Fig 1: Raman spectra from individual lipid nanoparticles show how SPARTA® can detect subtle differences in lipid composition at the single-particle level.1
SAXS/SANS were used to examine the internal structure of lipid nanoparticles, showing how enzyme-driven changes in lipid composition led to changes in internal architecture. Used alongside SPARTA®, they linked chemical changes to physical structure, helping explain how LNP architecture influences enzyme interactions.
Approach
The researchers created LNPs with a complex internal structure and included phosphatidylcholine (PC), a lipid that PLD can act on. These nanoparticles were then exposed to different amounts of PLD, as well as an inactive form of the enzyme for comparison.
Using SPARTA®, the team analysed one nanoparticle at a time, measuring each particle repeatedly to see how its chemical composition changed over time. Tracking signals linked to the PC headgroup, the researchers could directly measure how much PC was converted into PA inside individual nanoparticles.
By repeating this process across hundreds of nanoparticles, they were able to see both overall trends across the population and differences between individual particles. Changing the amount of PLD controlled how quickly the reaction happened.
At the same time, SAXS and SANS showed how increasing PA levels and PLD activity reshaped internal water channels, membrane curvature and overall nanoparticle morphology.

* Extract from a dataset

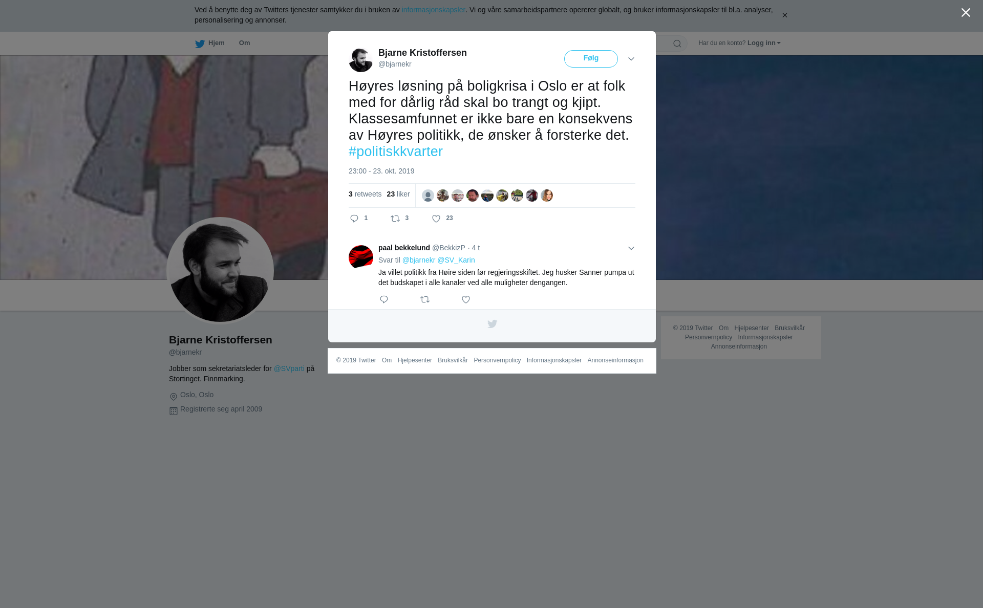 RT @bjarnekr: Høyres løsning på boligkrisa i Oslo er at folk med for dårlig råd skal bo trangt og kjipt. Klassesamfunnet er ikke bare en konsekvens av Høyres politikk, de ønsker å forsterke det. #politiskkvarter

Fig 2: Comparison of choline signals from individual lipid nanoparticles, highlighting compositional differences across LNP formulations.
Outcome
This combined approach overcame key analytical challenges by enabling label-free, real-time monitoring of chemical changes in LNPs at the single-particle level. It allowed researchers to:
- Observe how enzymes act on individual nanoparticles as reactions unfold, rather than relying on bulk measurements that average behaviour and hide important particle-to-particle differences.
- Track genuine chemical changes without using labels, avoiding interference with enzyme activity or nanoparticle structure and providing a more accurate picture of how LNPs respond to biological stimuli.

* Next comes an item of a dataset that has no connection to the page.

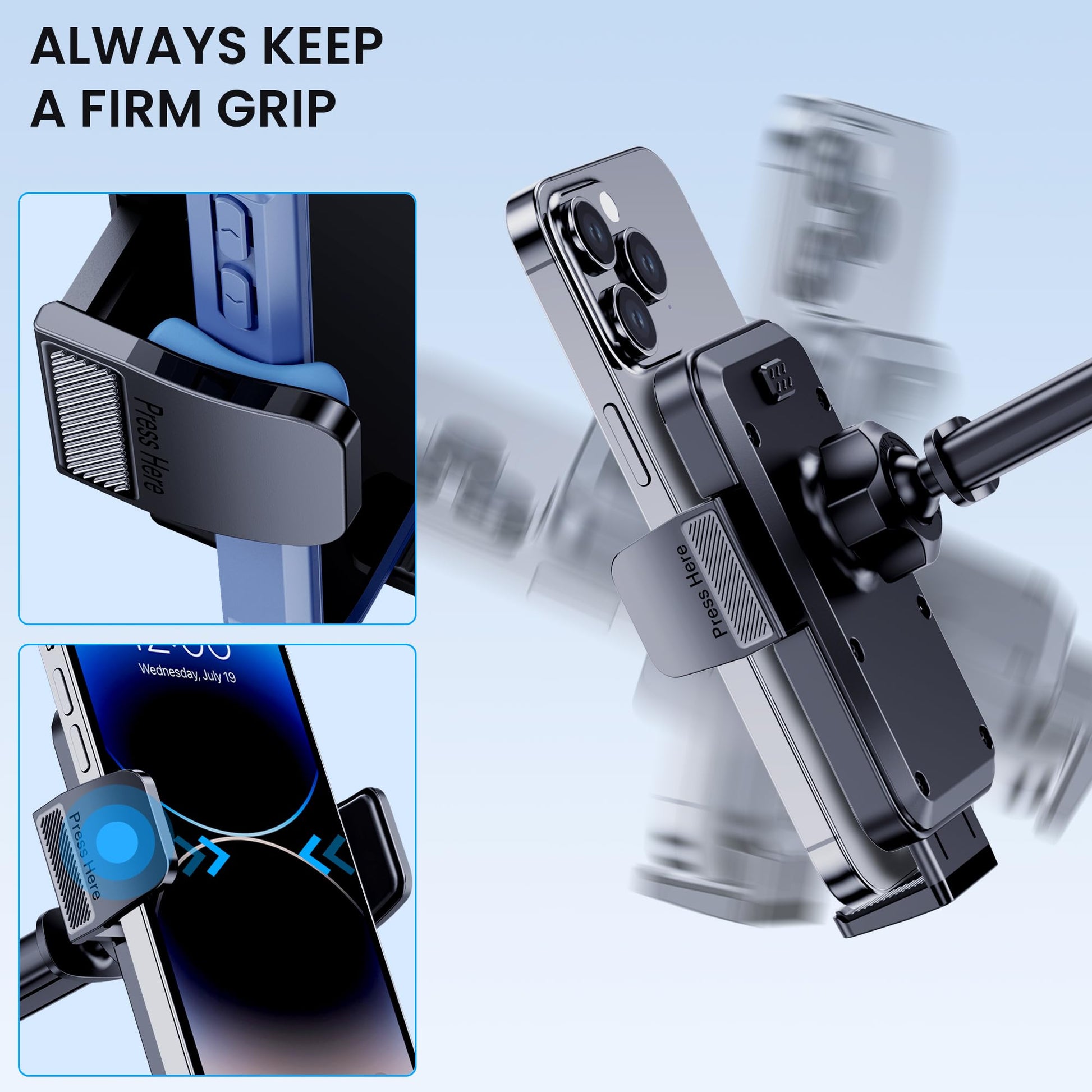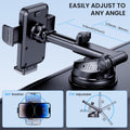 - Adjustable Telescopic Arm: iPhone holder for car has a 360-degree ball joint and an adjustable telescopic arm that extends from 2.8 inches to 5.0 inches and can be adjusted up and down by 270 degrees. It offers unlimited viewing angles whether mounted on the dashboard or windshield. The ball joint allows for both horizontal and vertical phone rotation, preventing obstruction of the driver's view while driving.

The study revealed several important insights:
- PLD can fully access and remodel the entire LNP membrane, converting neutral lipids into negatively charged ones far more efficiently than in comparable vesicles.
- PLD activity is strongly influenced by LNP membrane structure and curvature.
- Structural tuning of the LNP membrane directly influences this enzymatic activity, highlighting the potential to design enzyme-responsive LNPs.
These findings point to new strategies for disease-responsive payload delivery in diseases where PLD is dysregulated. With the help of SPARTA®’s unique compositional insight, this study also helps address a key challenge in LNP design by linking composition, structure and biological function at the single-particle level.